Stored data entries
··········
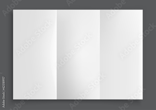 Set of white folded paper sheets. Double gate fold. Vertical pages. Blank booklet. Four panel accordion fold
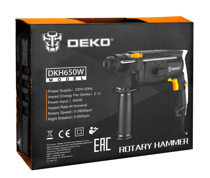 | Комплектация | перфоратор DEKO DKH650W 1 шт., сверло 3 шт., глубиномер 1 шт., кейс 1 шт. |
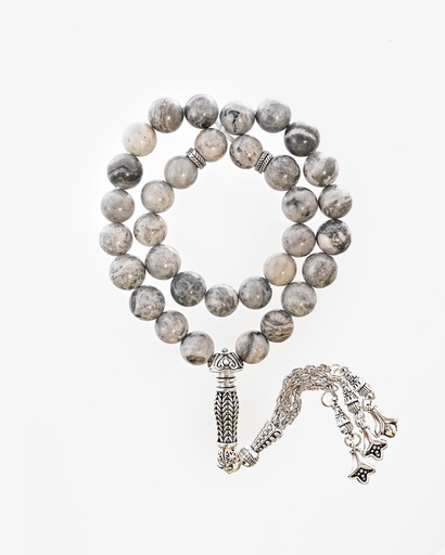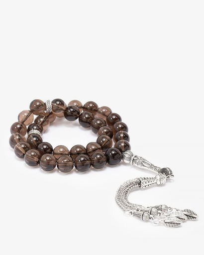 سبحة انيقة بحجر كوارتز دخاني شفاف
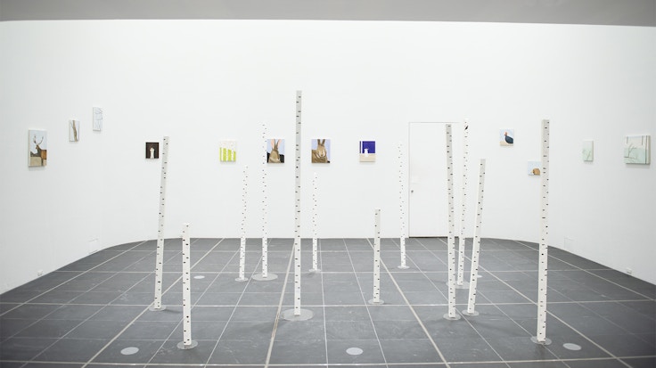 ふと目に入った4〜5色の絵具の組み合わせから、ムンクの《叫び》に描かれた空の色を連想したムラタは、いろいろな形の木材に貼り付けたキャンバスに色を載せ始めた。細長い小さな支持体であっても、ムンクを知っている人であればその色の組み合わせから《叫び》を想像できるのではないか。「小さい空」にはそんな思いが込められている。画面の形をどこまで変えても絵画は成立するのか、そんな実験的な気持ちがムラタを制作に向かわせる。
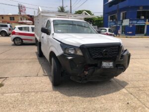 Que impactó contra un automóvil particular marca Nissa, tipo Versa, color Rojo, con placas YSZ-829-B de la misma entidad, manejado por una dama, quien resultó lesionada y tuvo que ser auxiliada por socorrista de la Cruz Roja.
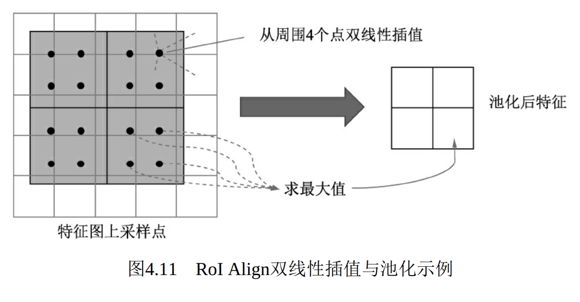 定义一个2x2的方格,每个方格内部再定义四个小方格,每个方格的中心作为黑点位置,可以理解为取值位置,用该框遍历特征图,选取四个点处的值最大的为池化后的值。
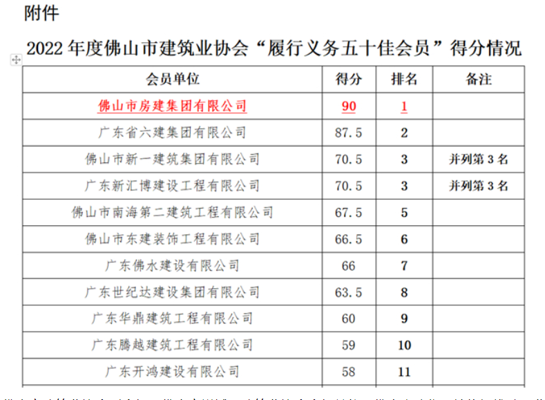 为推动建筑行业诚信体系建设,鼓励企业积极响应、支持、参与行业发展工作,佛山市建筑业协会举办“履行义务五十佳会员”评选活动,我司荣获2022年度“履行义务五十佳会员”第一名。
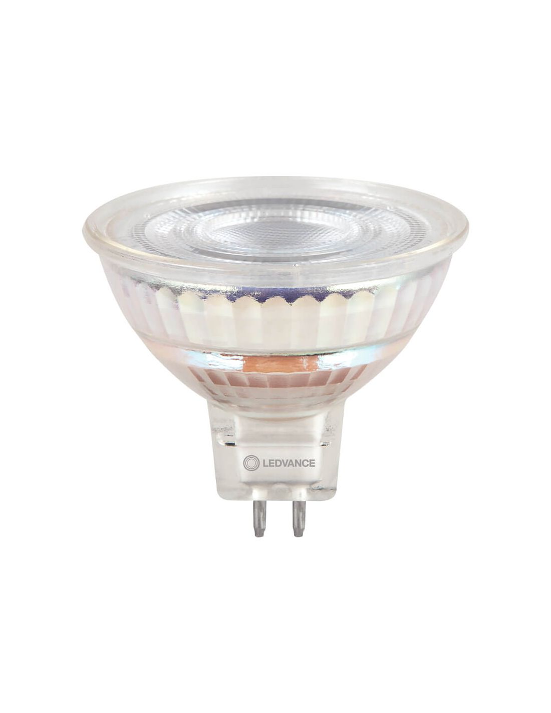 Lâmpada LED MR16 com potência de 8W equivalente a 50W das antigas lâmpadas halógenas, intensidade luminosa ajustável de 621Lm ou 1.150 candelas e ângulo de feixe luminoso de 36 graus. Esta Lâmpada é feita de vidro e possui uma óptica única e inovadora para uma distribuição homogênea de Luz, luz focada a 36º.
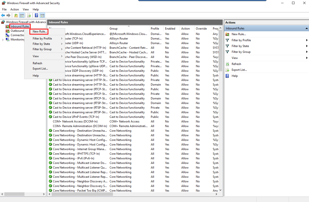 9. Inbound Rules에서 우클릭 후, New Rule를 클릭한다.
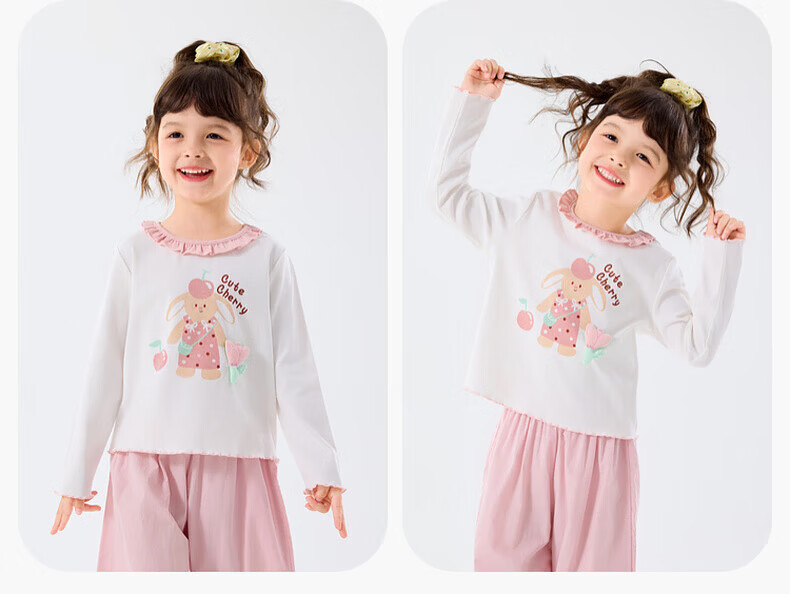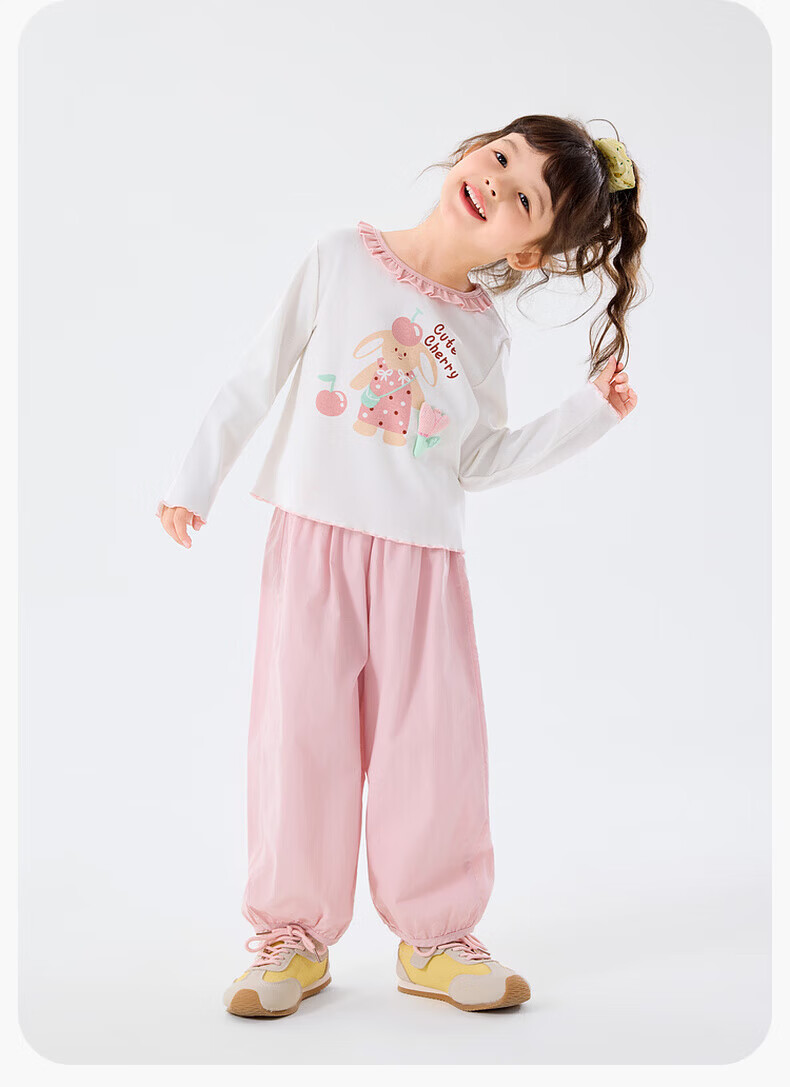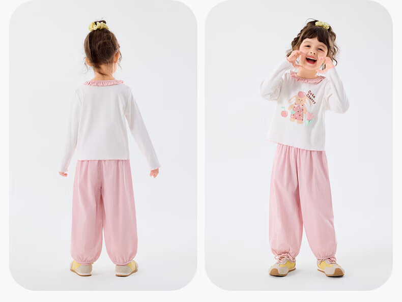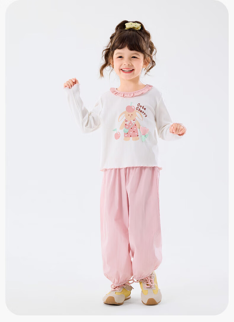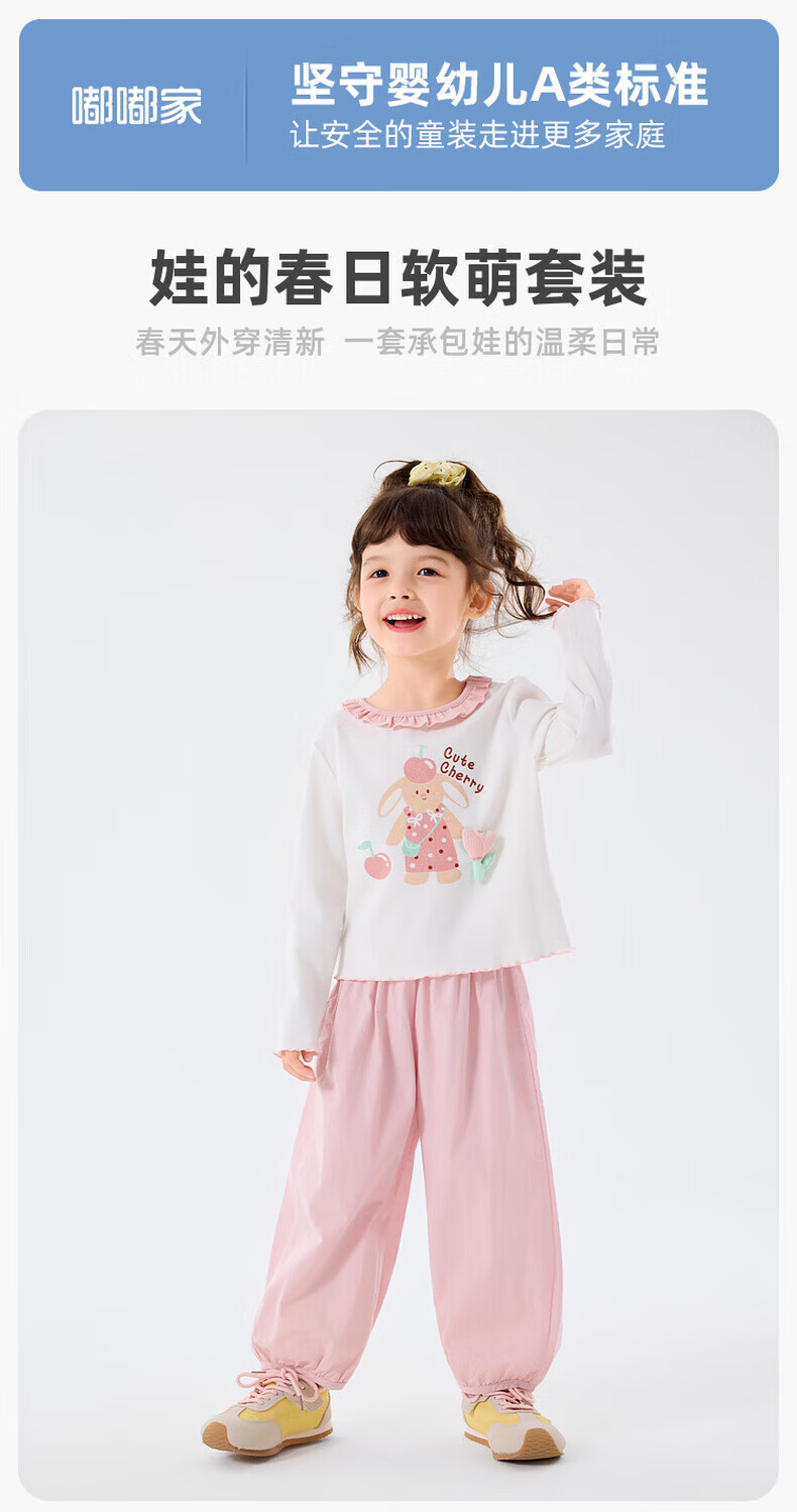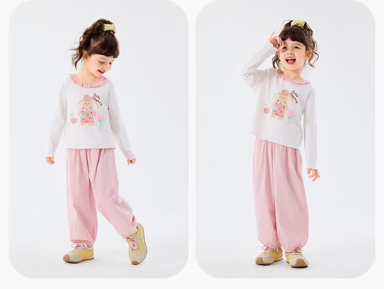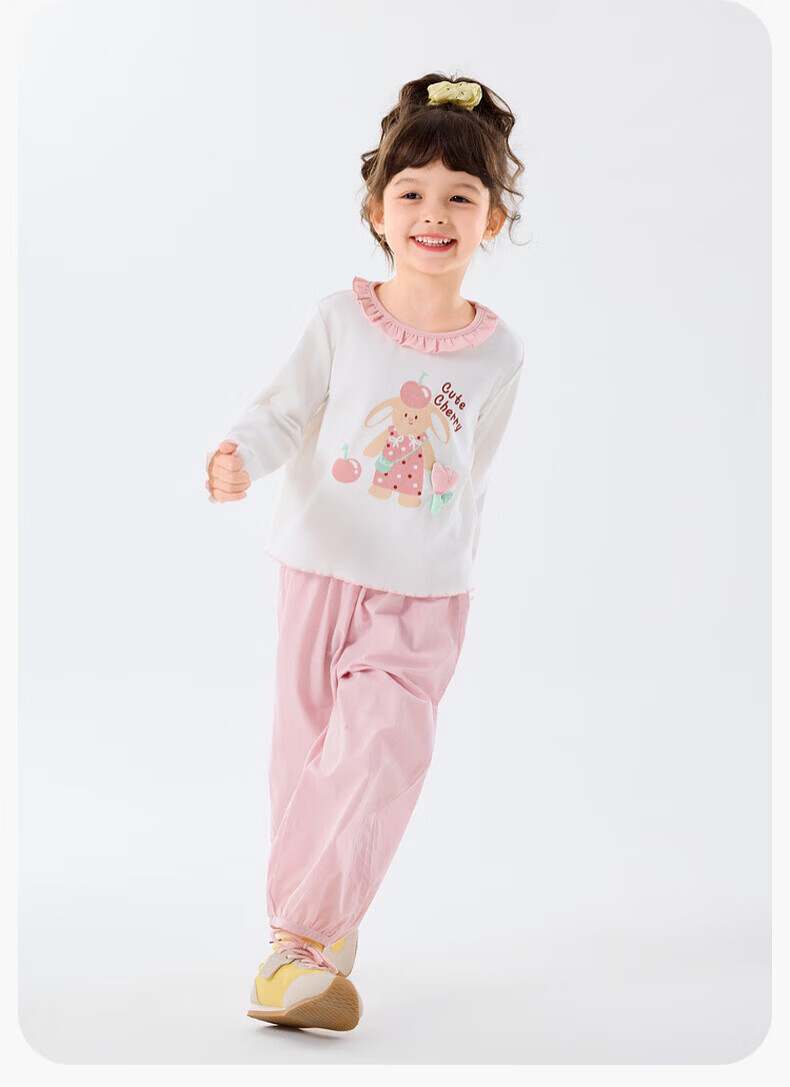 嘟嘟家儿童套装卡通春款女童T恤裤子春装女宝上衣长裤两件套女孩童装潮 山茱萸粉 90
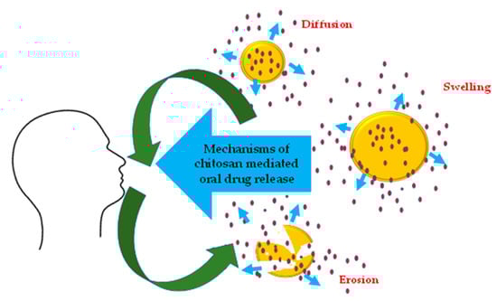 When drugs are administered orally, they must be able to survive various ranges of pH and gastrointestinal tract (GIT) secretions. The very process of oral drug absorption rests on transport (via passive diffusion, carrier-mediated transport, or pinocytosis) across the GIT membrane. This is impacted by various GIT physiological. The oral mucosa has a thin epithelium and rich vascularity, which is makes it ideally fit for buccal and sublingual administration [39]. The release of drugs from chitosan and its derivatives follows the conventional protocol that holds good for chitosan. Drug release is influenced by the hydrophilicity of chitosan and pH of the swelling solution. The chitosan-drug release mechanism involves swelling, diffusion of drugs through the polymeric matrix and polymer erosion [40] (Figure 2).
··········
**PROBLEM STATEMENT**.
Exactly reproduce the lines above, starting at the one that contains "кейс 1 шт. |" and ending at the one that contains "嘟嘟家儿童套装卡通春款女童T恤裤子春装女宝上衣长裤两件套女孩童装潮 山茱萸粉 90", both inclusive; leave the pictures out and add no other lines.

**EXERCISE SOLUTION**.
 | Комплектация | перфоратор DEKO DKH650W 1 шт., сверло 3 шт., глубиномер 1 шт., кейс 1 шт. |
 سبحة انيقة بحجر كوارتز دخاني شفاف
 ふと目に入った4〜5色の絵具の組み合わせから、ムンクの《叫び》に描かれた空の色を連想したムラタは、いろいろな形の木材に貼り付けたキャンバスに色を載せ始めた。細長い小さな支持体であっても、ムンクを知っている人であればその色の組み合わせから《叫び》を想像できるのではないか。「小さい空」にはそんな思いが込められている。画面の形をどこまで変えても絵画は成立するのか、そんな実験的な気持ちがムラタを制作に向かわせる。
 Que impactó contra un automóvil particular marca Nissa, tipo Versa, color Rojo, con placas YSZ-829-B de la misma entidad, manejado por una dama, quien resultó lesionada y tuvo que ser auxiliada por socorrista de la Cruz Roja.
 定义一个2x2的方格,每个方格内部再定义四个小方格,每个方格的中心作为黑点位置,可以理解为取值位置,用该框遍历特征图,选取四个点处的值最大的为池化后的值。
 为推动建筑行业诚信体系建设,鼓励企业积极响应、支持、参与行业发展工作,佛山市建筑业协会举办“履行义务五十佳会员”评选活动,我司荣获2022年度“履行义务五十佳会员”第一名。
 Lâmpada LED MR16 com potência de 8W equivalente a 50W das antigas lâmpadas halógenas, intensidade luminosa ajustável de 621Lm ou 1.150 candelas e ângulo de feixe luminoso de 36 graus. Esta Lâmpada é feita de vidro e possui uma óptica única e inovadora para uma distribuição homogênea de Luz, luz focada a 36º.
 9. Inbound Rules에서 우클릭 후, New Rule를 클릭한다.
 嘟嘟家儿童套装卡通春款女童T恤裤子春装女宝上衣长裤两件套女孩童装潮 山茱萸粉 90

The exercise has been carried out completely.